[ASSIGNMENT] From the entries below, reproduce exactly the lines from the one with "A vintage panda" through the one with "With 3 exterior", both included, without images.

[SUPPLIED DATA]
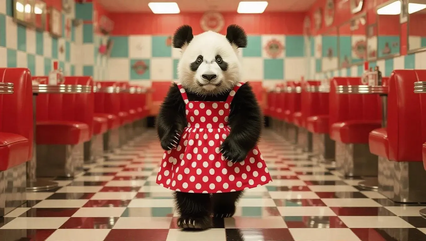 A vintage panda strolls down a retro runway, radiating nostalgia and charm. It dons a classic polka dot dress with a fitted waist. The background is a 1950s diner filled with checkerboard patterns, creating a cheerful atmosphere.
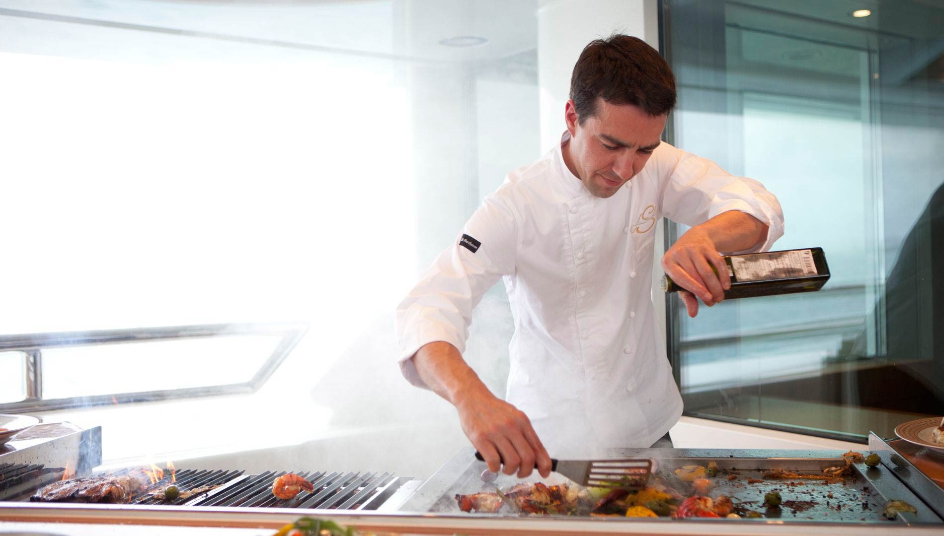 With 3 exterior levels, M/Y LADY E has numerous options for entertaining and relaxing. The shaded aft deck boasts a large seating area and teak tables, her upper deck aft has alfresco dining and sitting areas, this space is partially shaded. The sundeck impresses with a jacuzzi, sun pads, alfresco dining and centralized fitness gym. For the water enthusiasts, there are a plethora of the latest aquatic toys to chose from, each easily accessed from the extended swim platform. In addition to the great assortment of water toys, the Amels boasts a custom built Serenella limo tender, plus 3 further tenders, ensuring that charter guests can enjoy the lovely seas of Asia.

==

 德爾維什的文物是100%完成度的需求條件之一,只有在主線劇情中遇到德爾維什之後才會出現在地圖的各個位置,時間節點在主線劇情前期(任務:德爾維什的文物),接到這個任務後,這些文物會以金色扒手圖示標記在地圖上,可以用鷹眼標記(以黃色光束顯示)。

[ANSWER SECTION]
 A vintage panda strolls down a retro runway, radiating nostalgia and charm. It dons a classic polka dot dress with a fitted waist. The background is a 1950s diner filled with checkerboard patterns, creating a cheerful atmosphere.
 With 3 exterior levels, M/Y LADY E has numerous options for entertaining and relaxing. The shaded aft deck boasts a large seating area and teak tables, her upper deck aft has alfresco dining and sitting areas, this space is partially shaded. The sundeck impresses with a jacuzzi, sun pads, alfresco dining and centralized fitness gym. For the water enthusiasts, there are a plethora of the latest aquatic toys to chose from, each easily accessed from the extended swim platform. In addition to the great assortment of water toys, the Amels boasts a custom built Serenella limo tender, plus 3 further tenders, ensuring that charter guests can enjoy the lovely seas of Asia.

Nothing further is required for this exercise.